First of all if the c
parameter exceeds the size of the list, you'll blow up with a null pointer dereference, as your current
pointer hits the null pointer on the last node, and blows past it.
Then, if c
is 0 or the index of the last element of the list, either it's prev
or it's next
pointer, accordingly, will be null, and you'll also blow up with a null pointer dereference.
current -> prev -> next = current -> next;
current -> next -> prev = current -> prev;
If current
is the first element in the list, current->prev
will obviously null. If current
is the last element in the list, current->next
will obviously be null. Guess what happens when you attempt to dereference the null pointer?
Conclusions:
A) Check that the input parameter to the function is valid.
B) Provide for special handling when the node to be deleted is the first or the last node in the doubly-linked list.

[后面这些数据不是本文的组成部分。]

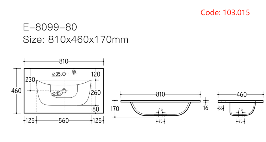 Universal 500 Basin only - White (Vanity unit Sold Separately)
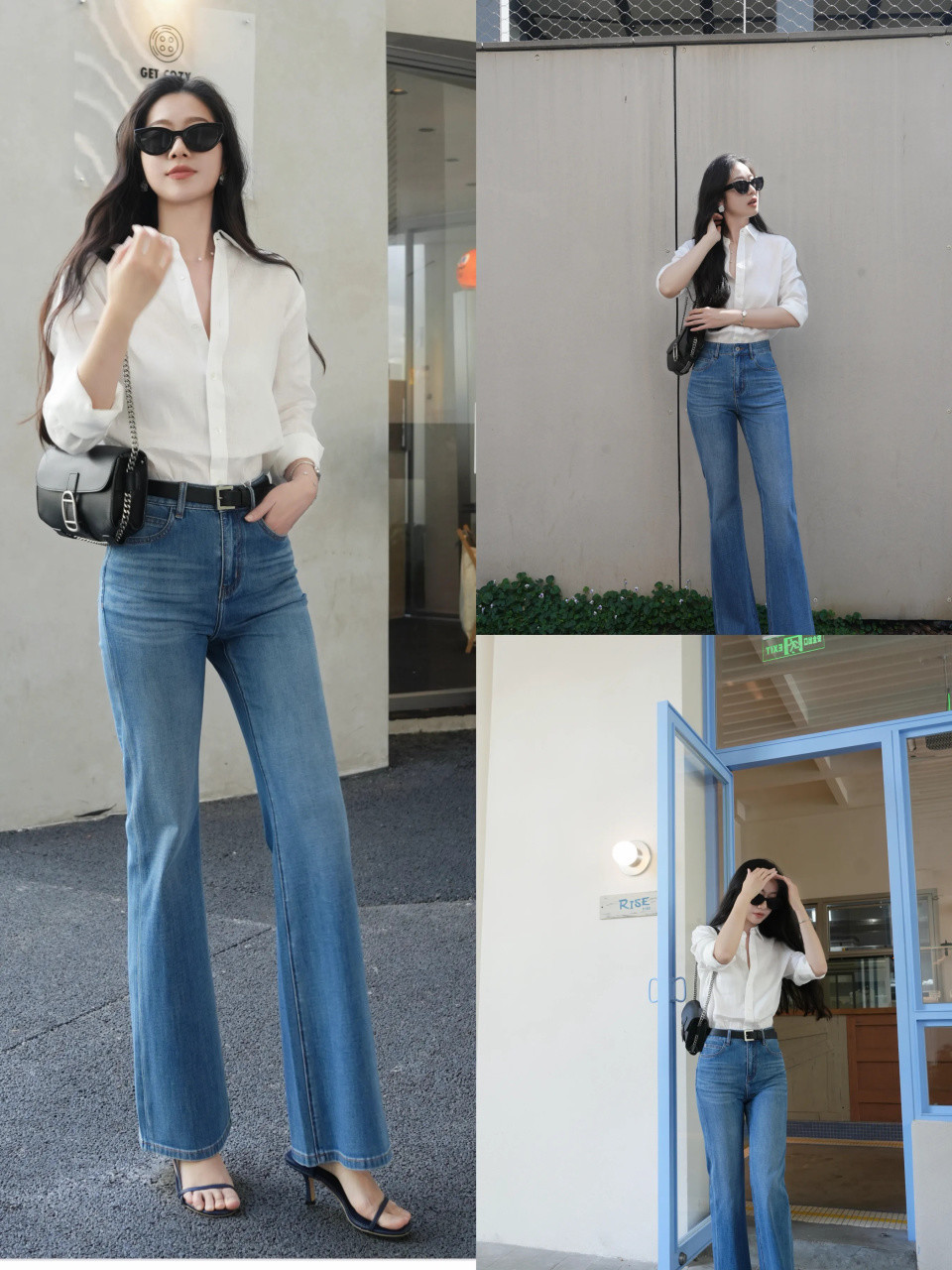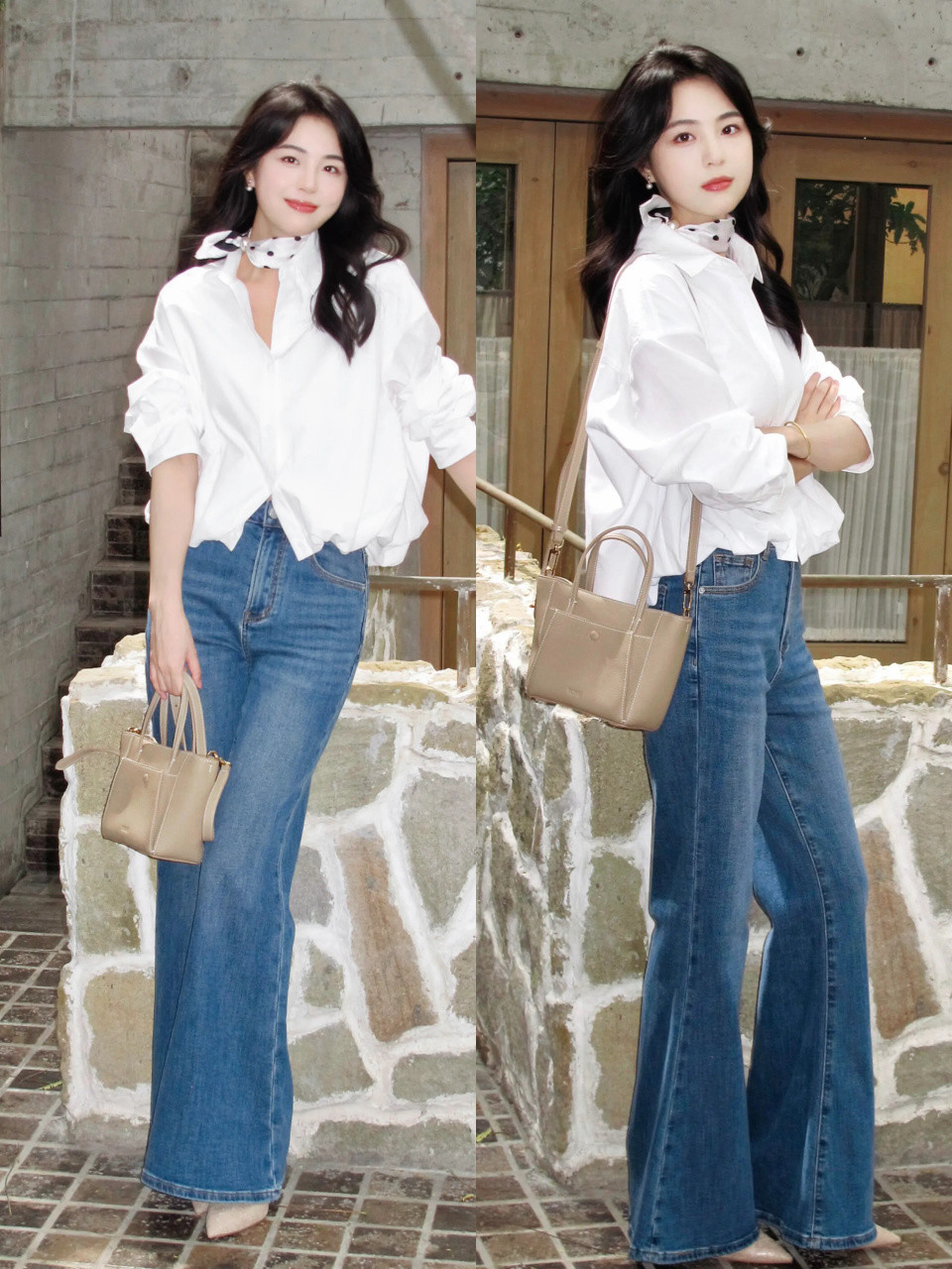 例如上面这一套穿衣打扮,用白色的小众衬衫搭配上蓝色的牛仔微喇叭阔腿裤,脚踩一双浅口的跟单鞋,自带清爽干练气场,还能延伸腿部线条,让穿搭者拥有大长腿,同时自然修饰出三七分的身材比例。

EDIT: by popular request, someone wanted to know how I would fix this:
void SinglyLinkedList::removeBike(int c)
{
Node* current = head;
for(int i = 0; i < c; i++){
if (!current)
break;
current = current -> next;
}
if (!current)
return; // Or throw an exception. Or return a bool false, maybe.
if (current->prev)
current -> prev -> next = current -> next;
else
head=current->next;
if (current->next)
current -> next -> prev = current -> prev;
else
tail=current->prev; // Assuming that there's a tail, somewhere around here...
delete current; //delete node
// Maybe "return true;" here...
}
这篇关于如何正确删除双链表中的节点?的文章就介绍到这了,希望我们推荐的答案对大家有所帮助,也希望大家多多支持IT屋!